Results: A total of 588 adult patients were hospitalized with COVID-19 during the study period; 364 (61.9%) of who were males with a male: female ratio of 1.81:1. The commonest symptoms at presentation were fever (56.3%), cough (54.3%), shortness of breath (37.6%), headache (14.5%), sore throat (9.2%), anosmia (6.5%), rhinorrhea (5.6%) and diarrhea (5.3%). Of the 588 patients, 169 (28.7%) had diabetes; 109 (64.5%) of whom were males. Patients with DM were older than those without DM (p < 0.0001), and had a high proportion of symptoms of fever, cough and shortness of breath (p = 0.001). They had more severe disease (p = 0.0001) with a higher mortality rate (22.5%) when compared to those without DM (12.5%) (p = 0.003).
Conclusion: DM is among the most frequently reported comorbidities in patients infected with COVID-19 and is associated with a higher risk of severe and fatal forms of the disease. People living with DM in Nigeria are 1.8 times more likely to die from COVID-19 than people who do not have DM.

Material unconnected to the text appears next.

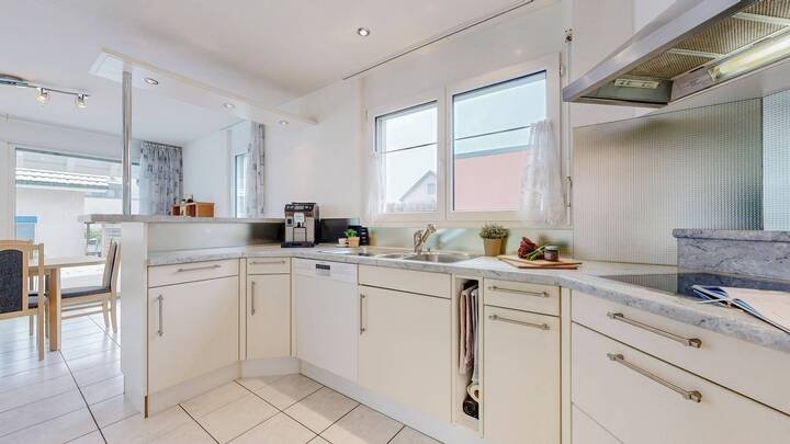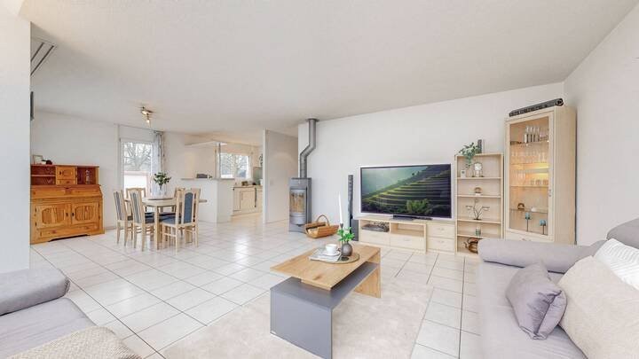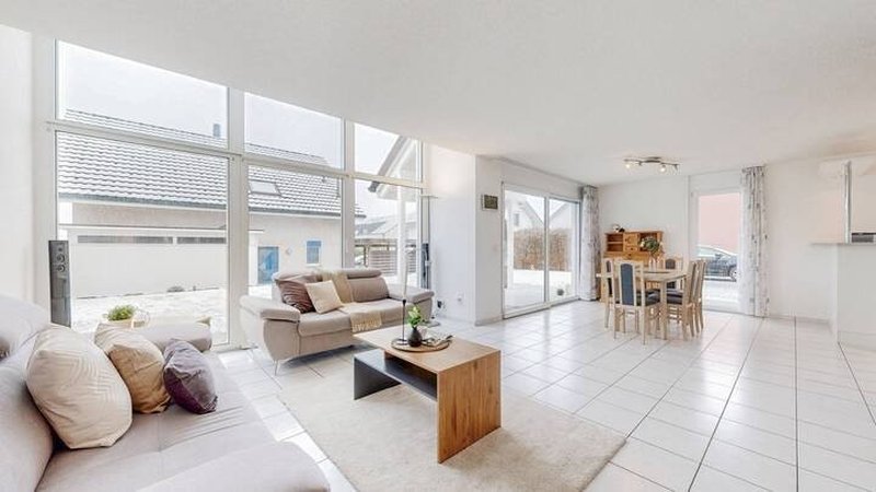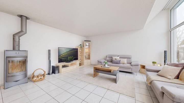 Auch die Materialisierung überzeugt mit langlebigen und pflegeleichten Lösungen. Im Erdgeschoss wurden hochwertige Keramikplatten verlegt, die den Wohnbereich stilvoll ergänzen. Die Haustechnik wurde laufend erneuert, unter anderem mit einer neuen Heizung und einem neuen Boiler ? ein klarer Vorteil für Käufer, die eine sorgenfreie Zukunft ohne grösseren Sanierungsbedarf schätzen.

COVID-19, Diabetes, Clinical characteristics, Outcome, Nigeria
COVID-19: Coronavirus Disease 2019; UATH: University of Abuja Teaching Hospital; WHO: World Health Organization; SARS-CoV-2: Severe Acute Respiratory Syndrome Coronavirus 2; DM: Diabetes Mellitus; FCT: Federal Capital Territory; RNA: Ribonucleic Acid; IFN: Interferon; SBP: Systolic Blood Pressure; DBP: Diastolic Blood Pressure; SPO2: Oxygen Saturation; WBC: White Blood Count; RBS: Random Blood Sugar; CRP: C-Reactive Protein; LDH: Lactate Dehydrogenase
In December 2019, a new beta coronavirus causing pneumonia emerged in Wuhan, Hubei Province of China. This virus was later identified and called Severe Acute Respiratory Syndrome Coronavirus 2 (SARS-CoV-2) [1]. The disease was given the name Coronavirus Disease 2019 (COVID-19) by the World Health Organization (WHO) in February 2020. It rapidly spread to the rest of the World and was declared a global pandemic by the WHO on the 11th of March 2020 [2]. As of 22nd June 2021, there have been confirmed 178,360,849 cases of COVID-19, including 3,869,384 deaths, reported to the WHO [3].

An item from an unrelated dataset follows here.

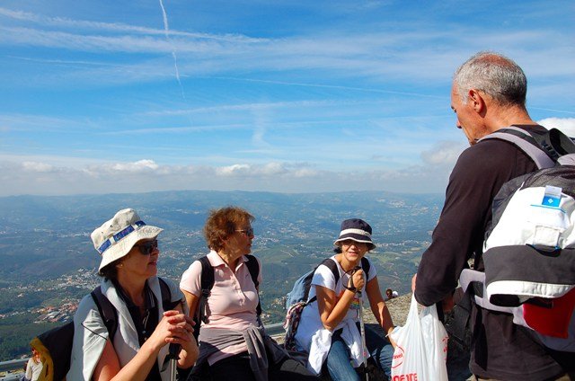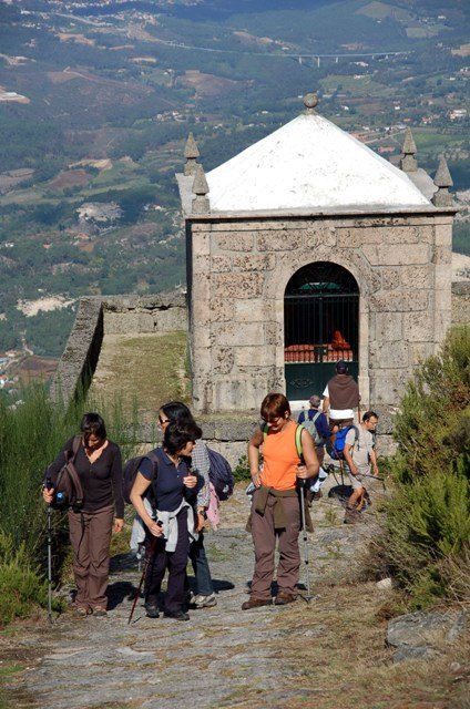 Pelo caminho cruzamos a fonte da Costa, depois as três capelas e após estas, apelando a um redobrar de energias com a visão já do santuário atingirmos finalmente pelas 12H55 o topo do monte. Daqui a vista estendeu-se sobre as paisagens das terras de Basto, serra do Alvão e da serra do Marão.

Coronaviruses are single stranded RNA viruses, named for the crown-like spikes on their surface. There are four main sub-groupings of coronaviruses, known as alpha, beta, gamma, and delta [4]. Human coronaviruses were first identified in the mid-1960s. The seven coronaviruses that can infect man are: 229E (alpha coronavirus), NL63 (alpha coronavirus), OC43 (beta coronavirus), HKU1 (beta coronavirus), MERS-CoV (beta coronavirus), SARS-CoV (the beta coronavirus), and SARS-CoV-2 (the novel beta coronavirus that causes COVID-19).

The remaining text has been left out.